■ **Record extracts**:

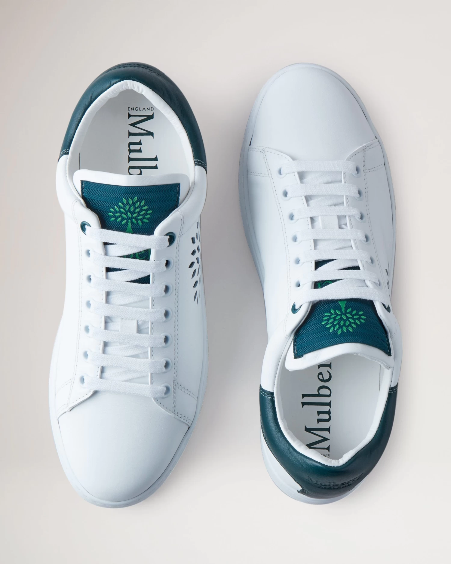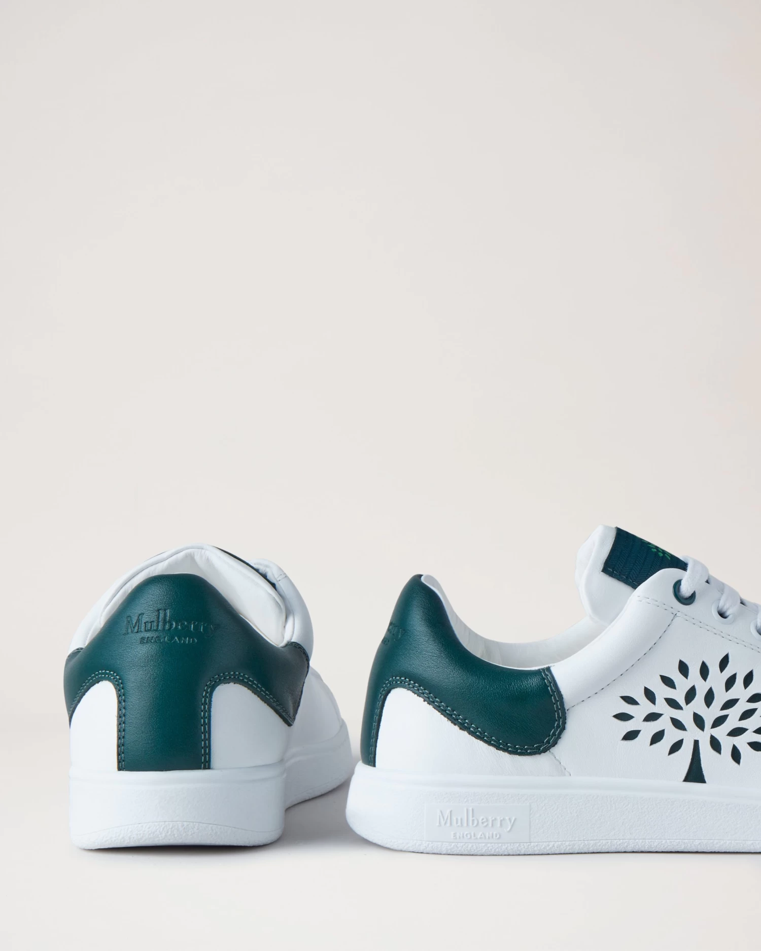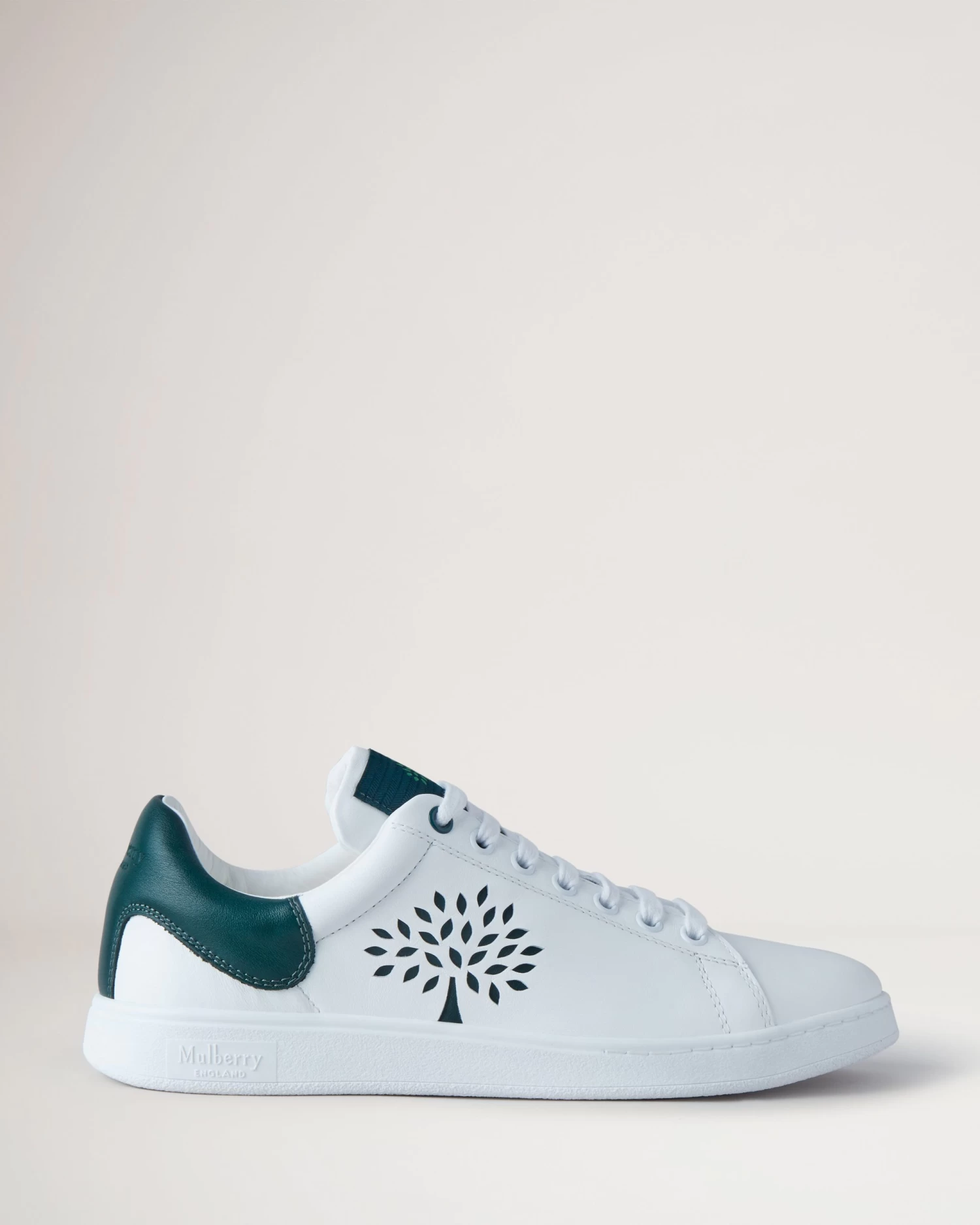 A timeless style, the Tree Tennis Trainer boasts a sleek calf leather construction and wide, low rubber sole, decorated with eye-catching coloured back and topped off with striking perforated Mulberry Tree detail.
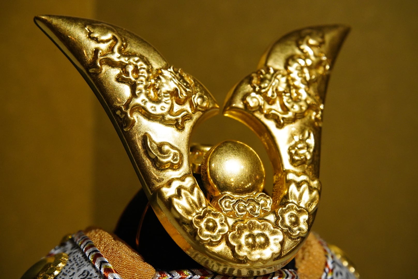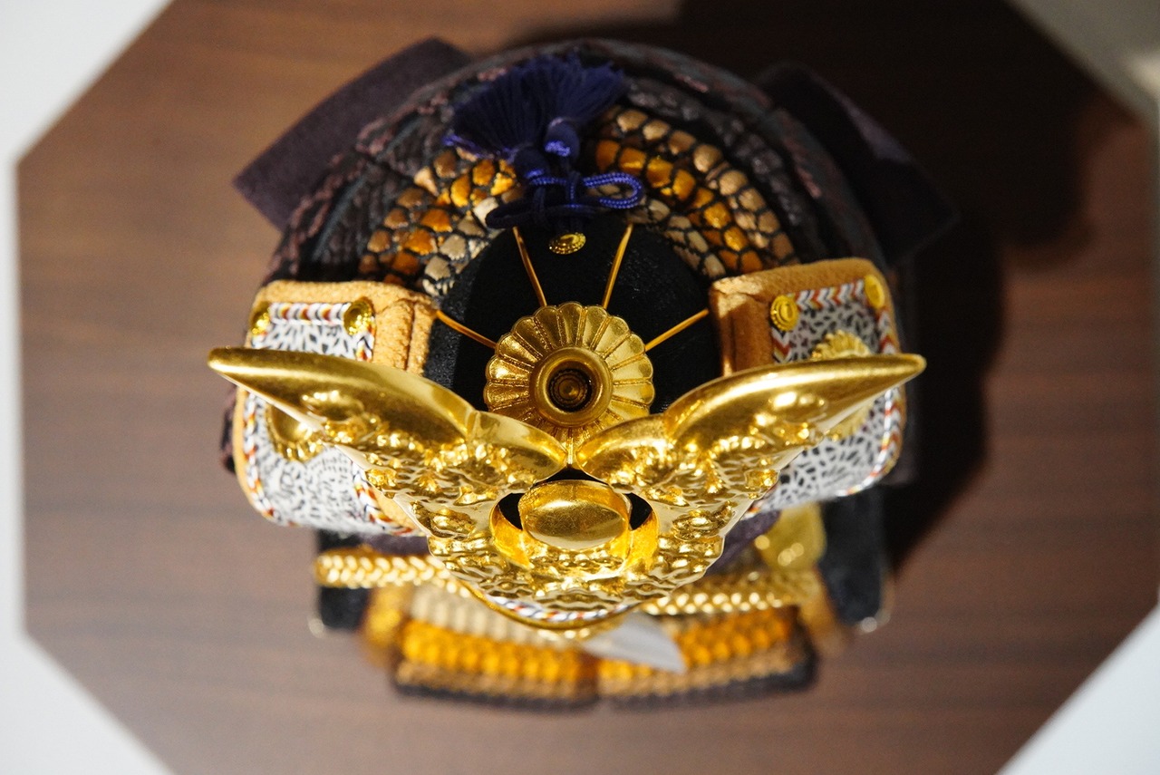 金色の兜と装飾は落ち着いた輝きに抑えられ、華美になりすぎることなく、品格ある存在感を演出しています。
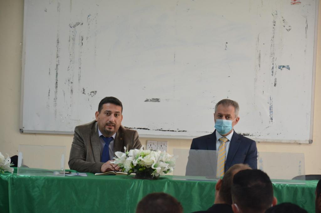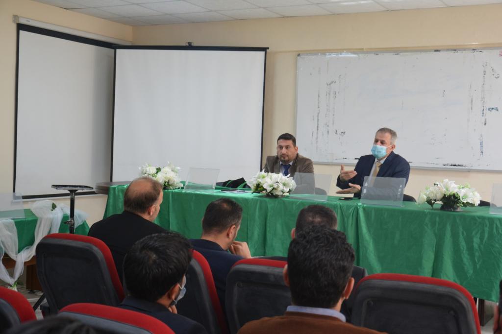 On Monday 31-3-2021, Prof. Dr. Ali Farouq Al-Maadi (Deputy Dean for Academic Affairs) and Dr. Firas Kazem Al-Jubouri (Deputy Dean for Administrative Affairs) met with contract employees in our college.During the meeting, Deputies Dean made sure to follow the controls and instructions and follow the chain of administrative references during the work. They set standards to convert the contract employees into a permanent employee, the most important of which is sincerity at work. The assistants heard some of the problems and obstacles that contract employees face.At the end of the meet, Deputies Dean praised the employees who had proven their worth at work in a short period and had a clear imprint at work.
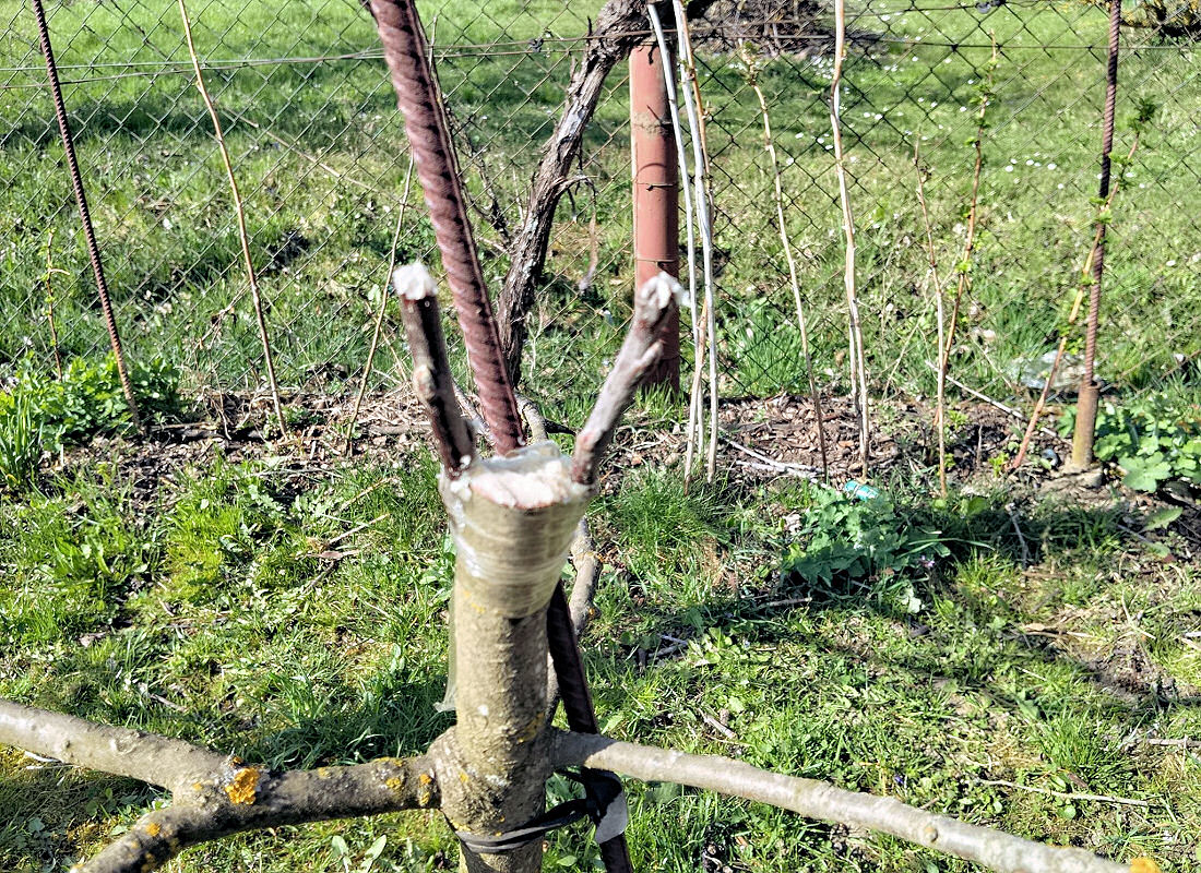 V březnu a dubnu dokáže slunce přes den pletiva pořádně rozehřát, zatímco v noci ještě mrzne. Tento tepelný stres může způsobit, že roub vyschne dřív, než se stačí napojit na proudící mízu podnože.
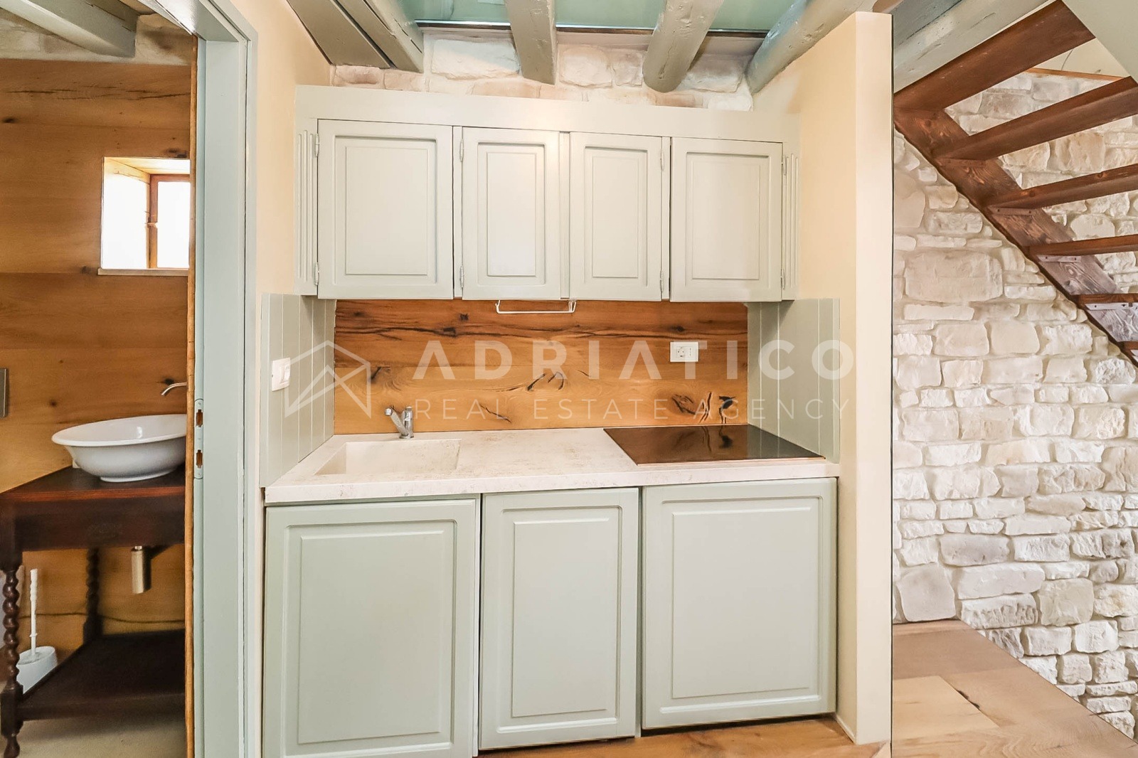 – istarski kamen u kupaonici, kuhinji i na prozorima;
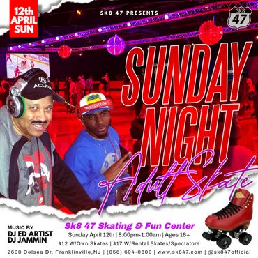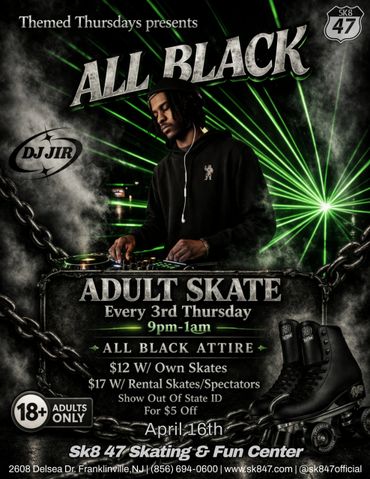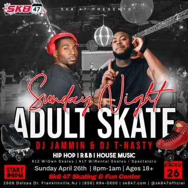 **Adult Parties**: Start at 10 PM, and skating resumes after we briefly sweep the floor.
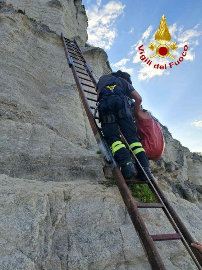 Rimane bloccato a 15 metri d’altezza su una scogliera a Tropea, salvato dai Vigili del Fuoco
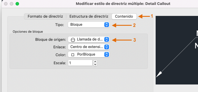 y elija un nombre descriptivo para el nuevo estilo de directriz múltiple. Haga clic en la ficha Contenido (1), seleccione Bloque (2) y, a continuación, Llamada de detalle (3), como se muestra.
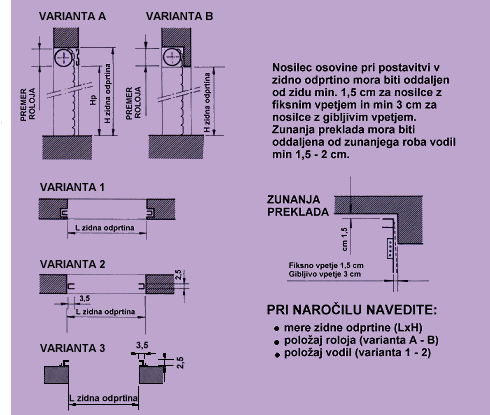 PRI NAROČILU NAVEDITE: mere zidne odprtine (LxH), položaj vodil (varianta 1 ali 2), položaj rolete (varianta A in B).
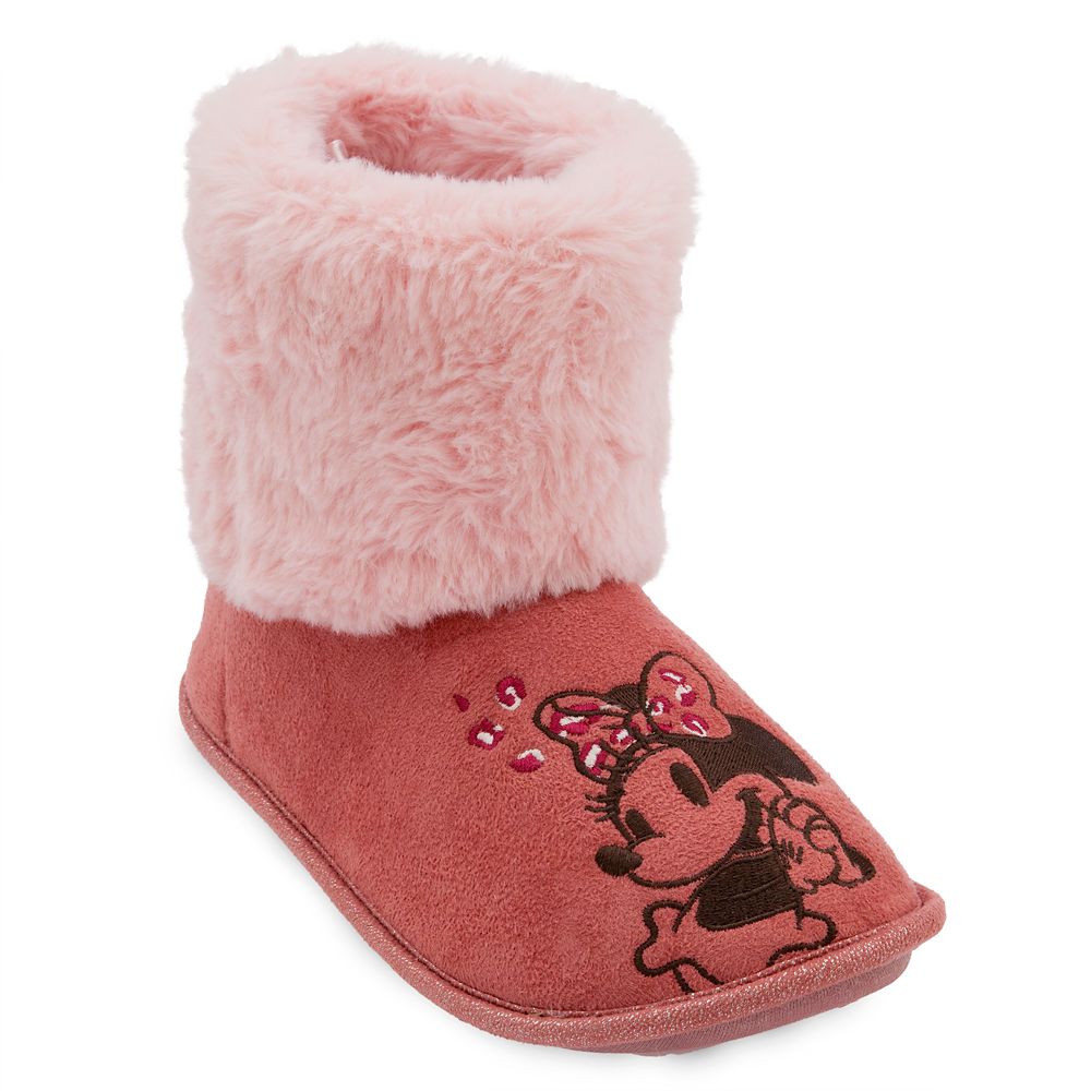 Head off to a most dreamy bedtime in these sweet slippers inspired by our leading lady, Minnie Mouse. Featuring Minnie on the toe, these plush boot-style slippers have fuzzy pink linings that keep your toes cozy.” />

■ **What you are asked to do**: Every entry, word for word, should be given again; the pictures are not part of the copy.

■ **Task output**:
 A timeless style, the Tree Tennis Trainer boasts a sleek calf leather construction and wide, low rubber sole, decorated with eye-catching coloured back and topped off with striking perforated Mulberry Tree detail.
 金色の兜と装飾は落ち着いた輝きに抑えられ、華美になりすぎることなく、品格ある存在感を演出しています。
 On Monday 31-3-2021, Prof. Dr. Ali Farouq Al-Maadi (Deputy Dean for Academic Affairs) and Dr. Firas Kazem Al-Jubouri (Deputy Dean for Administrative Affairs) met with contract employees in our college.During the meeting, Deputies Dean made sure to follow the controls and instructions and follow the chain of administrative references during the work. They set standards to convert the contract employees into a permanent employee, the most important of which is sincerity at work. The assistants heard some of the problems and obstacles that contract employees face.At the end of the meet, Deputies Dean praised the employees who had proven their worth at work in a short period and had a clear imprint at work.
 V březnu a dubnu dokáže slunce přes den pletiva pořádně rozehřát, zatímco v noci ještě mrzne. Tento tepelný stres může způsobit, že roub vyschne dřív, než se stačí napojit na proudící mízu podnože.
 – istarski kamen u kupaonici, kuhinji i na prozorima;
 **Adult Parties**: Start at 10 PM, and skating resumes after we briefly sweep the floor.
 Rimane bloccato a 15 metri d’altezza su una scogliera a Tropea, salvato dai Vigili del Fuoco
 y elija un nombre descriptivo para el nuevo estilo de directriz múltiple. Haga clic en la ficha Contenido (1), seleccione Bloque (2) y, a continuación, Llamada de detalle (3), como se muestra.
 PRI NAROČILU NAVEDITE: mere zidne odprtine (LxH), položaj vodil (varianta 1 ali 2), položaj rolete (varianta A in B).
 Head off to a most dreamy bedtime in these sweet slippers inspired by our leading lady, Minnie Mouse. Featuring Minnie on the toe, these plush boot-style slippers have fuzzy pink linings that keep your toes cozy.” />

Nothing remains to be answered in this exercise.